Post a pic of the weed while in the ground. We need to see how it grows


----------



## g-man (Jun 15, 2017)

He did here. http://thelawnforum.com/viewtopic.php?f=9&t=544&p=9973#p9930


----------



## LIgrass (May 26, 2017)

It would probably be better if the 2 threads were merged to get all responses and pics into 1 thread. JMO.

it kinda does look like young crabgrass but with nutsedge-like growth. g-man may be correct with Orchardgrass.


----------



## dilum82 (Jun 28, 2017)

g-man said:


> I did not finished typing before my 2yr old hit submit.
> 
> I would first start using weed b gone plus crabgrass control one. Lets hope it reacts since the alternatives are not pretty.


Thanks for the reply.
Yes thats what I was thinking too, but wanted to know what it was. 
Do you think it could be annual bluegrass(poa annua)? Some people said that it cannot be crabgrass since it is growing straight?


----------



## dilum82 (Jun 28, 2017)

LIgrass said:


> It would probably be better if the 2 threads were merged to get all responses and pics into 1 thread. JMO.
> 
> it kinda does look like young crabgrass but with nutsedge-like growth. g-man may be correct with Orchardgrass.


Thanks for the reply.
According to thie video go to time 6.20 :




it does not seemed like orchardgrass. thought?


----------



## g-man (Jun 15, 2017)

I like that video. It is very detailed. I was looking at your images and I don't see a long ligule. (Ligule = http://www.countrysideinfo.co.uk/grass_id/grasses.htm )

I suggest not doing paralysis by analyze. Try seed b gone, then we try tanacity and then round up if needed.


----------



## dilum82 (Jun 28, 2017)

g-man said:


> I like that video. It is very detailed. I was looking at your images and I don't see a long ligule. (Ligule = http://www.countrysideinfo.co.uk/grass_id/grasses.htm )
> 
> I suggest not doing paralysis by analyze. Try seed b gone, then we try tanacity and then round up if needed.


Yes and also notice that he says that the blade has to be bent in a natural way for the orchard grass.

I did spray some speactracide with crabgrass control today, fingers crossed.


----------



## dilum82 (Jun 28, 2017)

I think I might have found it, mine matches this

:https://www.google.com/search?q=fox+tail+weed&rlz=1C1CHBF_enUS750US750&tbm=isch&imgil=YIEO1FLiDbkwDM%253A%253B_UXrl03sML1qgM%253Bhttps%25253A%25252F%25252Fwww.extension.umn.edu%25252Fgarden%25252Fdiagnose%25252Fweed%25252Fgrass%25252Ffoxtail.html&source=iu&pf=m&fir=YIEO1FLiDbkwDM%253A%252C_UXrl03sML1qgM%252C_&usg=__1cyu-FfO2HkXInhruRZIgtRYsv4%3D&biw=1366&bih=638&ved=0ahUKEwjisuy6j-LUAhXC3YMKHZSRAC0QyjcIPQ&ei=EnVUWeLhBMK7jwSUo4LoAg#imgrc=TkJe182m7uUy1M:

SO its fox tail?


----------



## g-man (Jun 15, 2017)

You are the best person to tell since you have it in front of you. Foxtail is treated with the same herbicide as crabgrass, so the speactracide you used should work.

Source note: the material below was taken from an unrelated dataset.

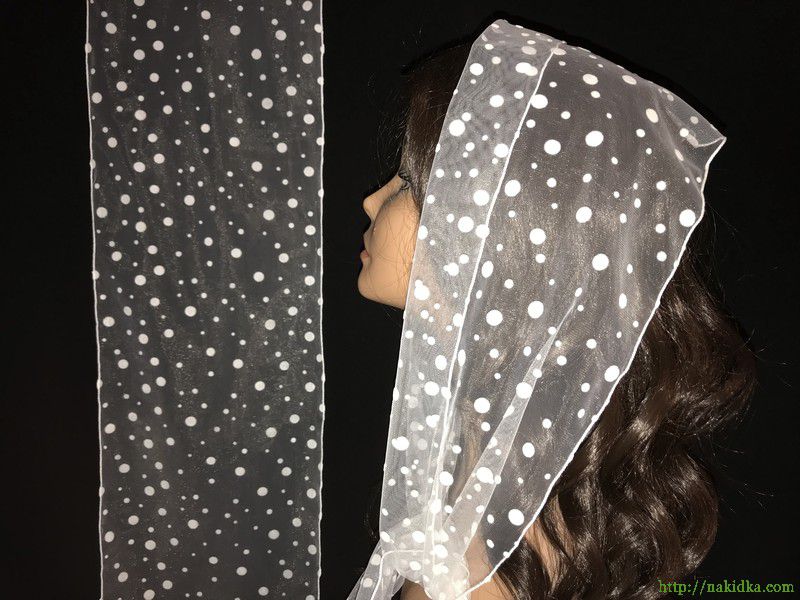 | Белый легкий фатиновый шарф с белыми горошками и прямым ободком |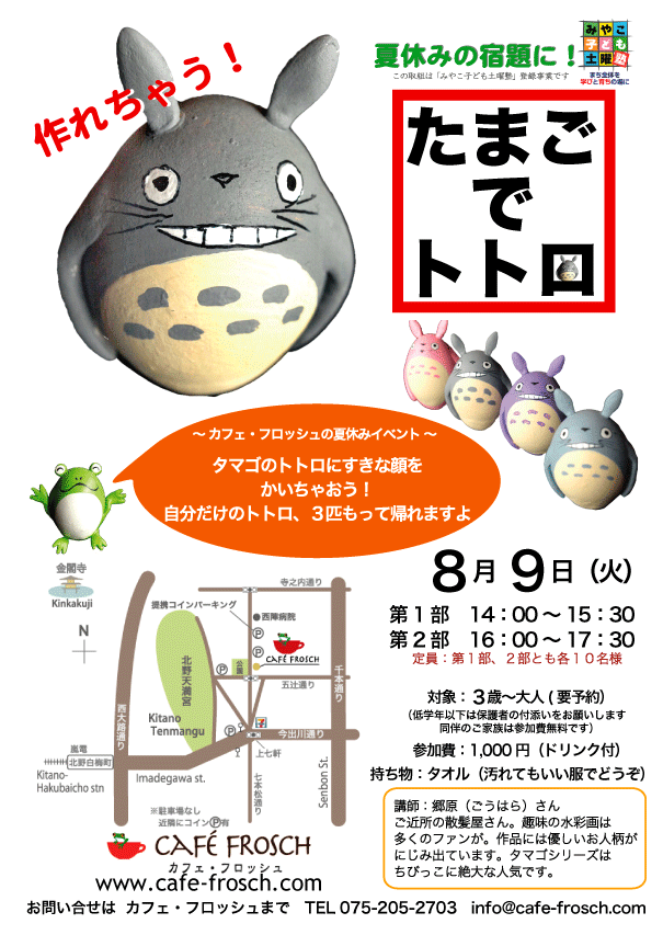 たまごでトトロをつくろう! おまたせしました!昨年大好評だった、「たまごでトトロ」が、今年も開催されます。 ご近所の散髪屋さんが教えて下さる、卵の殻を使って作るトトロ。カフェ・フ ロッシュにも飾らせていただいてます。好きな色に塗りましょう! トトロ3匹 持って帰れまーす! 第1回 - 14:00 〜 第2回 - 16:00 〜 対象:3歳以上(小学校低学年以下のお子さんは、保護者の方の付き添いをお願いします)

With weeds, it helps to feed them some nitrogen to encourage grow and absorption of the chemicals. If your weather allows it, consider it. Also be careful with hot temperature and herbicide. Read the label and ensure you dont apply when the temps are too high since it could kill your grass too.

Lastly, it is far easier to prevent the weeds from growing than to deal with them after the infested your lawn. The images you sent show quite a bit of this weed. For next year, I recommend you apply a pre-emergence product at max rate around march. Ideally it should not have fertilizer.


----------



## kolbasz (Jun 7, 2017)

prodiamine? I am ordering the 5.5lb jug for this very reason. eliminate the need for fert with 10% dimension and allow me to do it in the fall for poa.


----------



## dilum82 (Jun 28, 2017)

g-man said:


> You are the best person to tell since you have it in front of you. Foxtail is treated with the same herbicide as crabgrass, so the speactracide you used should work.
> 
> With weeds, it helps to feed them some nitrogen to encourage grow and absorption of the chemicals. If your weather allows it, consider it. Also be careful with hot temperature and herbicide. Read the label and ensure you dont apply when the temps are too high since it could kill your grass too.
> 
> Lastly, it is far easier to prevent the weeds from growing than to deal with them after the infested your lawn. The images you sent show quite a bit of this weed. For next year, I recommend you apply a pre-emergence product at max rate around march. Ideally it should not have fertilizer.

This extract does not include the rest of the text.